Thorny Situations

Family drama ensues after a son returns from war in LTW's 'The Subject Was Roses'

If it's hard to get the tone right in Chekhov (see the companion review of The Cherry Orchard), settling on an approach to Frank Gilroy's The Subject Was Roses is as daunting as deciding between paper and plastic.

Gilroy won the 1965 Pulitzer Prize for this work about a dysfunctional family, and so it must be a Serious Play. Yet much of it can be read as comic. The trouble is that the characters don't usually realize that they're being funny, and so the audience--to say nothing of the actors--constantly has to wonder: Is it OK to laugh at that?

Live Theatre Workshop usually emphasizes the humor, and even the campiness, in its chosen material, and indeed, its production of The Subject Was Roses reliably draws titters from the audience. Yet the actors and director Chuck Rankin never strain for laughs; they refuse to undercut the bitterness and anger behind most of the lines.

A Pulitzer Prize is no guarantee of longevity or even, really, value, but The Subject Was Roses has held up well over the past 40 years. It's set in 1946, as young Timmy Cleary comes home from the war. Before he was drafted, Timmy had been a sickly kid, the sort a tough father like John Cleary assumes will never amount to anything, despite the potentially stifling support of an over-protective mother like Nettie Cleary. But now that he's back, Timmy is fit, secure and ready for life--which is more than can be said for the Cleary marriage. John and Nettie play Timmy off against each other, as they always have, but now, Timmy won't have anything to do with his parents' conflicts. Hoping to patch things up between his folks, he impulsively buys a rose bouquet for his mother and persuades John to take credit for the purchase. Somehow, this precipitates a crisis that finally brings the family's conflicts into the open.
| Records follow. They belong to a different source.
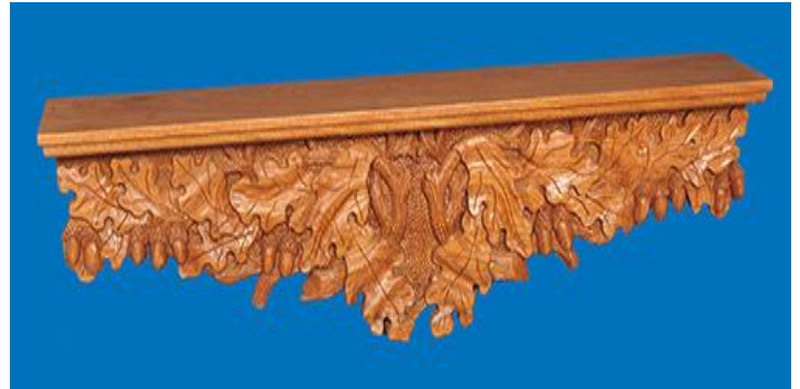
Mike Resch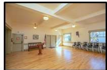
Main Meeting Room

PHONE: 360-753-9921 WEBSITE: THEABIGAILSTUARHOUSE.COM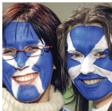
The summer of sport is expected to bring lots to cheer

"The investment in the events of 2014 such as Homecoming Scotland, the Commonwealth Games and the Ryder Cup will undoubtedly keep up this momentum throughout this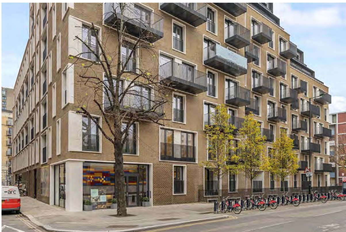
Before: Golden Lane looking north-west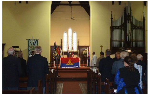
Service in St Matthews Church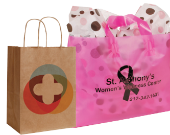
CUSTOM PAPER & PLASTIC GIFT SHOP ITEMS

What, exactly, is the trouble between John and Nettie? It has something to do with sex, and with Nettie's attachment to her mother and her sister's retarded son, and John's disappointment that even though he's successful, he's not the up-from-the-bootstraps millionaire he'd hoped to be. And then there's John's problem with Timmy, long his mommy's pet, but now a real man, back from war. John resents his son's wartime experience and new advantages under the G.I. Bill; decades before, John had been turned away from the World War I recruiting office as the sole supporter of his family, and no doubt, he's felt that he's never really had a chance to prove himself.

If Edward Albee's Who's Afraid of Virginia Woolf? turned marital strife into a riotous cross between grand opera and Grand Guignol, Gilroy's The Subject Was Roses keeps the conflict on a more subdued level; it's significant that when Timmy cajoles his mom into dancing with him across the living room, Nettie is afraid that the noise will disturb the neighbors.

The tone of this quiet but intense play turns on the portrayal of John, and Bill Epstein gets him just right. As amusing as some of the family bickering may seem, Epstein's John is always tightly wound, bitter and potentially dangerous. There's no physical violence in this play, but Epstein, without clenching a fist, seems ready to strike at any moment.

Cynthia Jeffery gives us a stalwart but worn-down Nettie, a woman who honestly seems not to realize how she manipulates her son. The way Jeffery glares at John with evenness, fatigue and disappointment says as much as any of her lines can; even so, her measured, melancholy delivery of a late-night monologue provides one of this production's finest moments.

Eric Schumacher looks a bit old to play Timmy, but he supplies a steadiness and resolve that might elude some younger actors. It's good to see Schumacher take on a low-key, "normal" role after the splashier, less naturalistic parts he's gotten in the past year (including a sleazy producer and an Egyptian lawyer in purgatory).

This emotionally claustrophobic play would seem a natural fit for Live Theatre Workshop's small stage; oddly, the set design by Seren Helday and Richard Gremel--one of the company's best in recent memory--stretches from wall to wall, for once suggesting the true dimensions of an apartment, but seeming unusually spacious in the context of this storefront theater. This does the play no harm, but it would have been all right to have capitalized more on the stage's cramped dimensions.

Emotionally, at least, the production sets just the right tone. This Subject Was Roses brings the occasional smile of a well-arranged bouquet, but there are always thorns lurking beneath.